キミの勘の良さに敬意を表して、一つ手札を見せてあげるよ
[抜き去った安全装置の細い棒が、床へ滑り落ちて硬い音を立てる。
ポケットから出した握り拳を半分開いて見せれば、男の手のひらに包まれた金属と火薬の塊が相手にも見えるだろう。
その滑らかな楕円形の正体に思い当たるまでには、しばし時間が掛かるかもしれないが。]
『よぉく狙って、思い切り、投げな』
[相手に聞こえないよう微かな声で放ったのは、他ならぬ自分自身へ向けた命令。
その瞬間に腕は振り下ろされ、記念すべき第一投目は放物線を描いて標的の元へと飛んでいく。

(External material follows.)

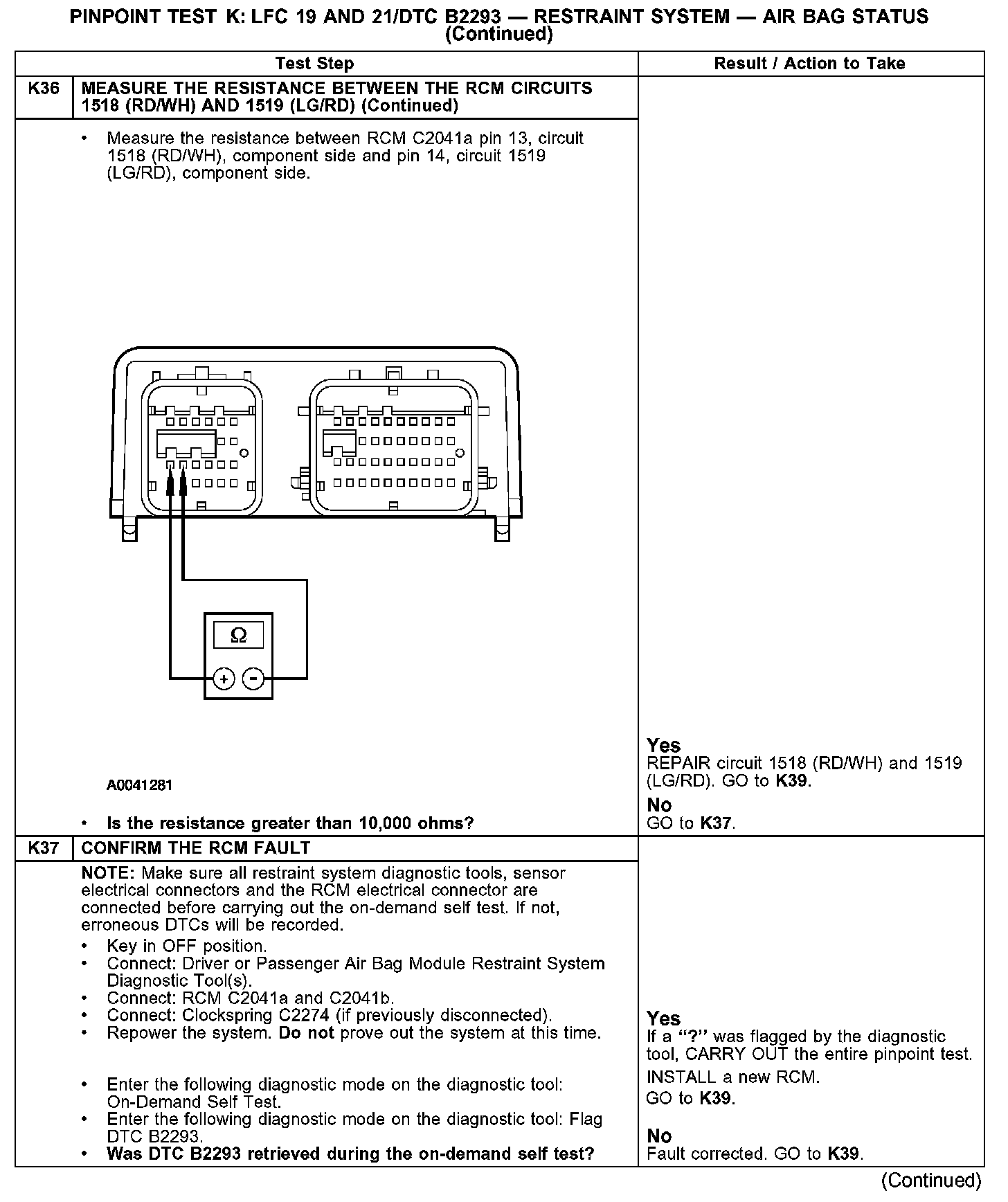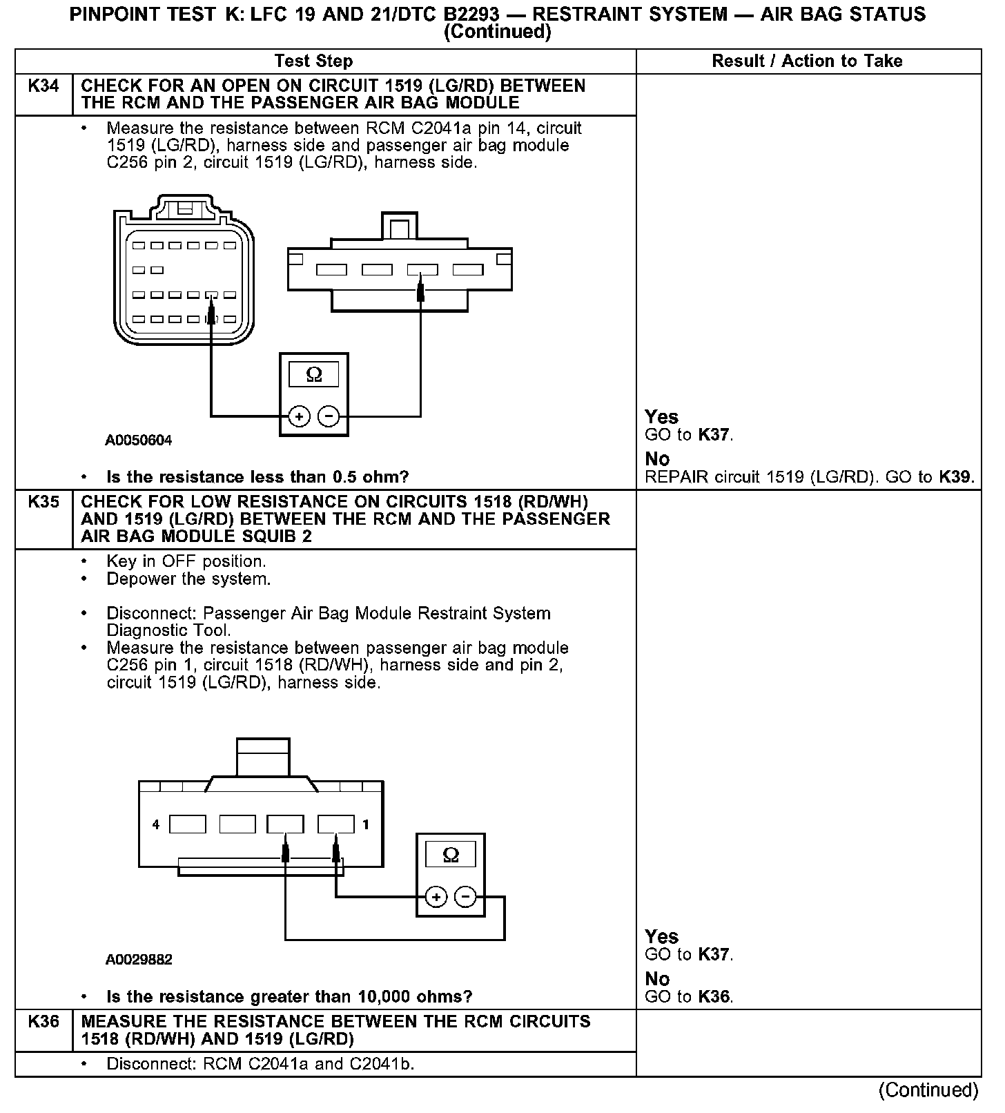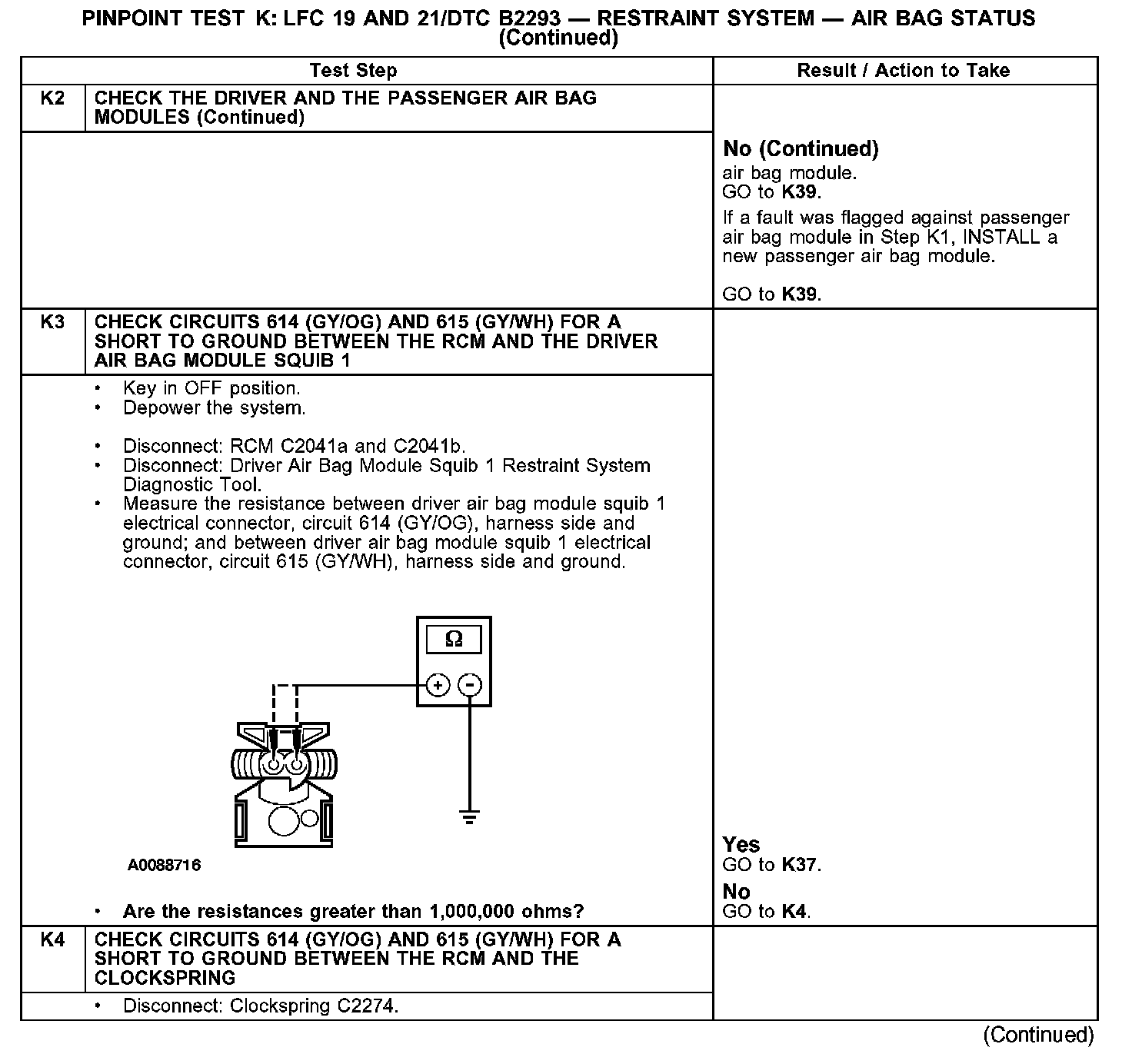 PINPOINT TEST K: LFC 19 AND 21/DTC B2293 - RESTRAINT SYSTEM - AIR BAG STATUSK1:

自らが放った手榴弾の着地点を見届けることなく、黒いパーカーは身を翻して廃墟の外へ。]
『さぁ、走るよ。もっと早く、もっと遠くへ
振り切るまで、どこまでも』
[命令に応じて、二本の脚は力強く地面を蹴り、細く入り組んだ路地裏を駆ける。
あんないかつい装備と正面からぶつかってなんていられない。まともにやり合えば、此方の負けは火を見るよりも明らかだ。
だから反撃を食らう前に、姿をくらましてしまおう。